Susan Meiselas, while documenting the 1979 Revolution in Nicaragua, captures a frame which soon becomes the representative sum of her extensive archive from that period, and be used by different artists working with a wide array of mediums, in turn evolving the image into a solitary icon devoid of time and context. Molotov Man is born the moment Meiselas presses her shutter button, and carries Pablo “Bareta” Arauz as he is getting ready to throw the lit molotov cocktail he holds in his right hand in time. This photograph becomes integral to all future narratives of the Nicaraguan Revolution. Meiselas photographs Arauz on July 16 1979, “on the eve of the day that Somoza would flee Nicaragua forever.” Soon after the Sandinistas take control, the photograph turns into an icon.

Molotov Man freezes Arauz’s movement, framing an act of violence he is about to commit. His facial expression is self-explanatory, and his semi-civilian clothing tell us he is part of the opposition. All of this visual information also gives us an idea as to who he is about to throw the Molotov to. And it is exactly these “external” details that accentuate the confusion surrounding Bilici’s images from the Karlov assassination. We expect Arauz to throw a Molotov, but for Karlov’s assailant, the external qualities by which we choose to define him are a mix of  “clean cut” and “elegantly dressed”. These definitions in turn, determine our own level of surprise. And, inescapably, we romanticize, “he looks just like James Bond in that frame.” Now that is the blurry line between reality and fiction, which Lesser talks about.

As Molotov Man turns into an icon, it starts popping up as illustrations and a much controversial oil painting. During its journey which starts off as possibly an archival image for a photojournalist/documentary photographer, it slowly evolves into art and while doing that its context slowly starts to disappear.

Possibly the most agonizing and much talked about stage of this inevitable evolution is when a New York based artist Joy Garnett turns the image which Meiselas produced, into an oil painting and includes it in her solo exhibition titled Riot. Garnett’s inclusion of Molotov Man in her exhibit as one of her paintings opens space up for arguments on release (permission)copyright and most importantly, context. The sides to the controversy, Garnett and Meiselas, over the long run, pen an article in 2007 for Harper’s Magazine’s February issue. In this rare “face off”, Meiselas accuses Garnett of taking Molotov Man out of context through isolation and minimization. According to her argument, this image has a meaning only within its own context and she believes that Garnett’s rendition of it is yet another step to lose Arauz, in his identity as the Molotov Man, in the chaos we call pop-culture.

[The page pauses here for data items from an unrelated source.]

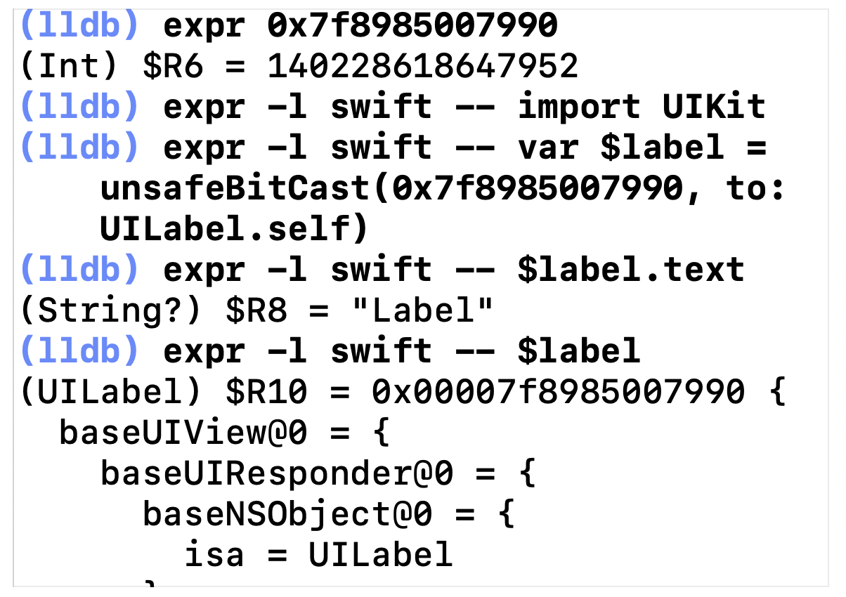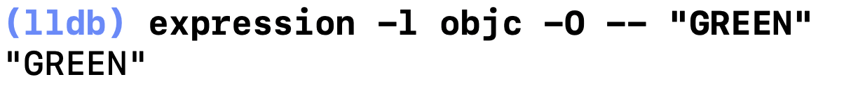 - iOS에서는 Swift와 Object-C의 두 프로그래밍 언어로 표현된것이 존재하는데 LLDB에서 만약 Object-C 코드에서 멈춘 후 po 테스트를 Swift로 하게되면 에러가 나며 반대의 경우도 에러를 내뱉는다. 그래서 해당 언어 코드로 변환하여 실행을 위해 강제로 -l (language) 옵션을 사용할 수 있다. (lldb) expression -l objc/swift -O -- "표현"
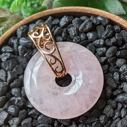 Small Rose Quartz Donut Pendant with Rose Gold colored Pendant~JRQDONP3. Rose quartz is said to emit a calming, cooling energy to gently remove negativity and to reinstate the loving, gentle forces of self-love. It brings clarity and harmony to the emotions and mind. It promotes gentleness from within, and attracts it from outside ourselves. Rose quartz also opens us up to the beauty of music, art, literature, nature, ourselves and others. It is an excellent stone for healing emotional wounds. Rose quartz reminds us that universal love is our birthright, and that the only lasting lesson is love, and that we have already learned it, and we need only open ourselves to its healing truth. It represents the Great Earth Mother, supporting us, calming excess fiery emotions, and allows us to connect with the Divine Source while here on Earth. The message of rose quartz is to remind one that only love can heal your life and your creations, that it is time to let go of any anger or resentments, and that there is nothing you can do that would make God love you any more, and there is nothing you could do that would make God love you any less. Say to yourself "I give love, I live love, I am love". 52mm x 40mm x 12mm
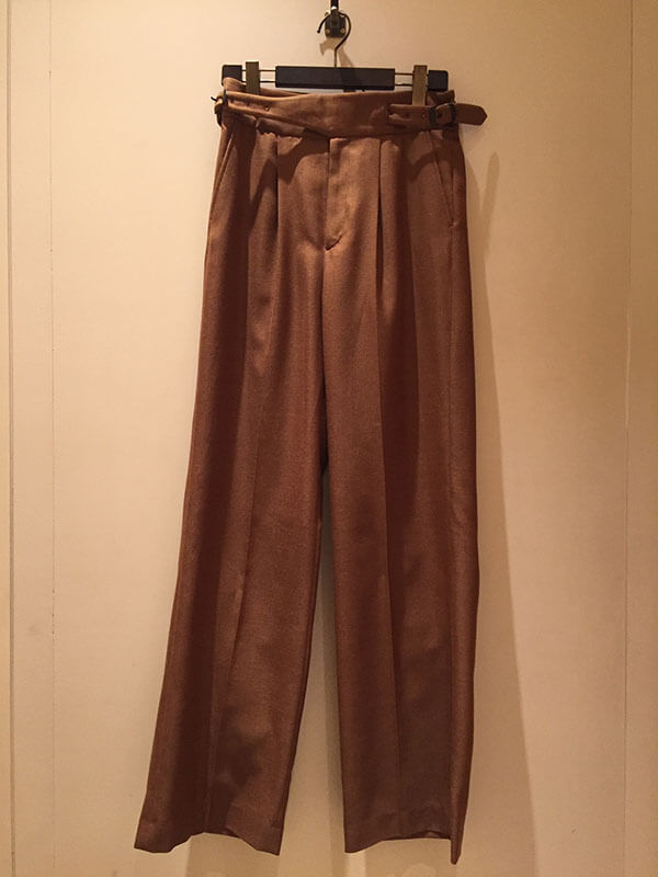 BRITISH ARMY GURKHA PANTSからのインスピレーションでデザインしているパンツはポリエステル×ウールのサージ織素材が季節感を演出。ハイウエストでスタイルアップが叶います。
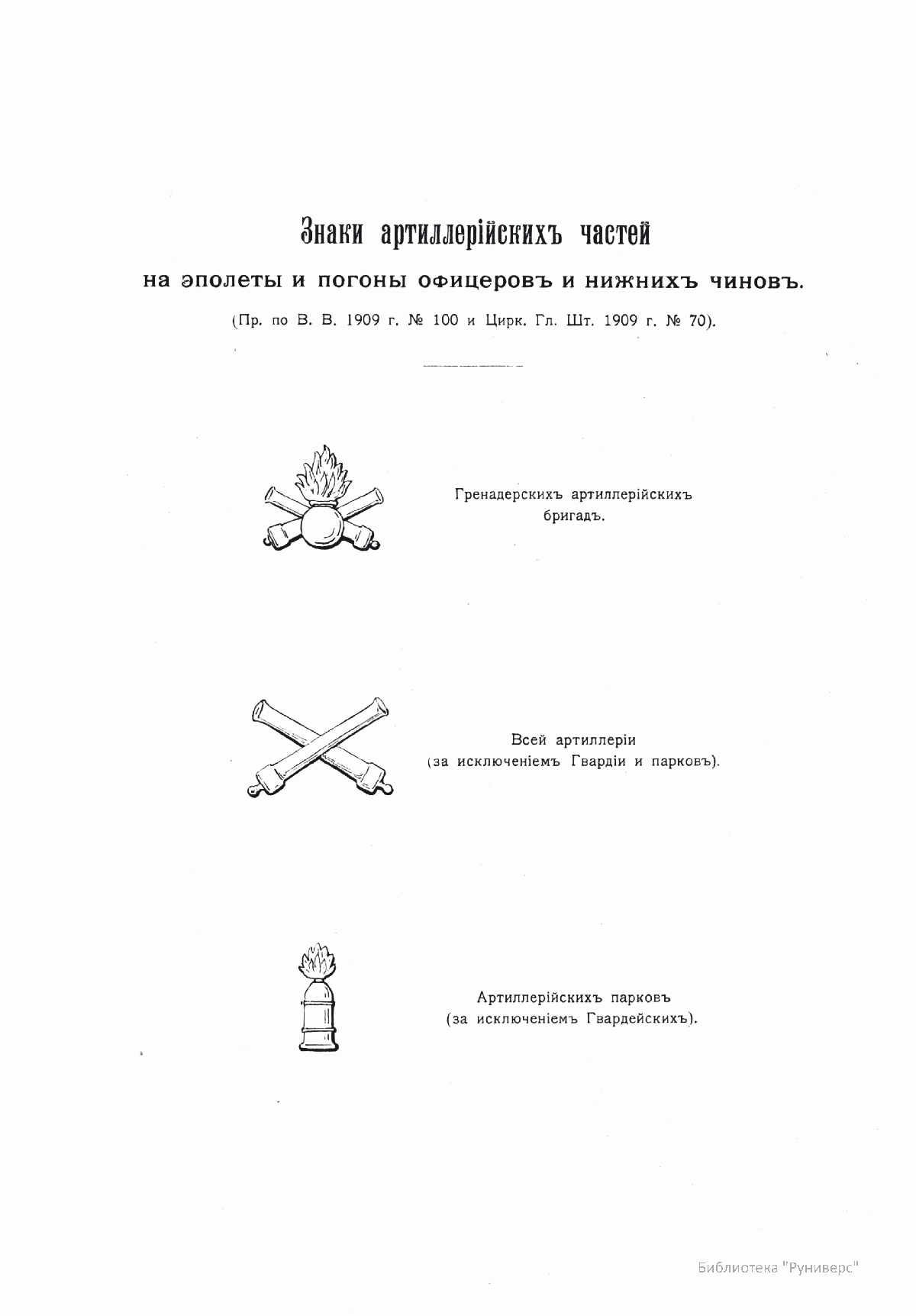 Знаки артиллерийских частей на эполеты и погоны офицеров и нижних чинов.
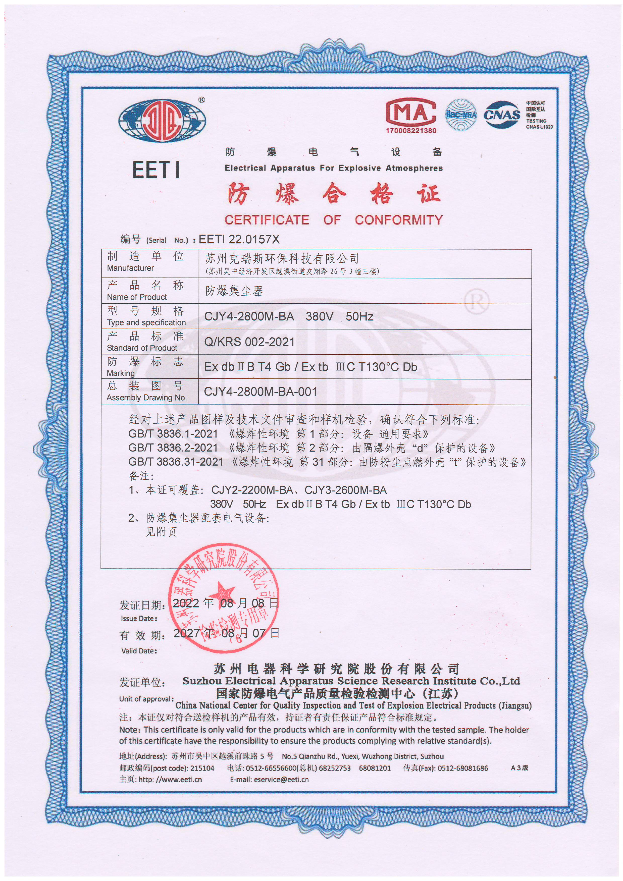 | 防爆(bào)等級(jí) | Ex db ⅡB T4 Gb / Ex tb ⅢC T130℃ Db | |||
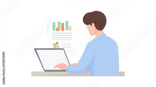 Young man working on laptop in modern office environment, analyzing data charts and reports, showcasing productivity and focus in a professional setting

Meiselas ascertains that none of the images in the Riot exhibit, including the painting of Molotov Man by Garnett, imply “resistance” or “riot”. By saying that she means to tell us of a deeper narrative: Molotov Man, while within context, documents the end of a dictatorship. Meaning, he is not just any Molotov throwing guy, at any given time of any odd protest. She tells us that in the photograph, Arauz, being part of the anti-Samoza camp, is about to throw the Molotov cocktail he is holding to one of the last national guard garrisons controlled by the Somoza regime.

Responsibility towards the subject

Garnett on the other hand defends that each instance of taking Molotov Man out of context contributes to it becoming universal. In support of her argument, she refers to a question a blogger named “nmazca” poses her over the internet: “who owns the rights to this man’s (Arauz’s) struggle?”

In sum, for us photojournalists context precedes everything else. And despite the hails among the audience for Caravaggio or James Bond, for the photos of the Karlov assassination the context is clear: there stands an armed assailant, and the immediate aftermath of a planned murder. This is not a movie, or a play staged for the theater. The photographer holds responsibility towards the subject, and the most important question that needs to be asked is “who owns the rights to the attack which costed Karlov his life?”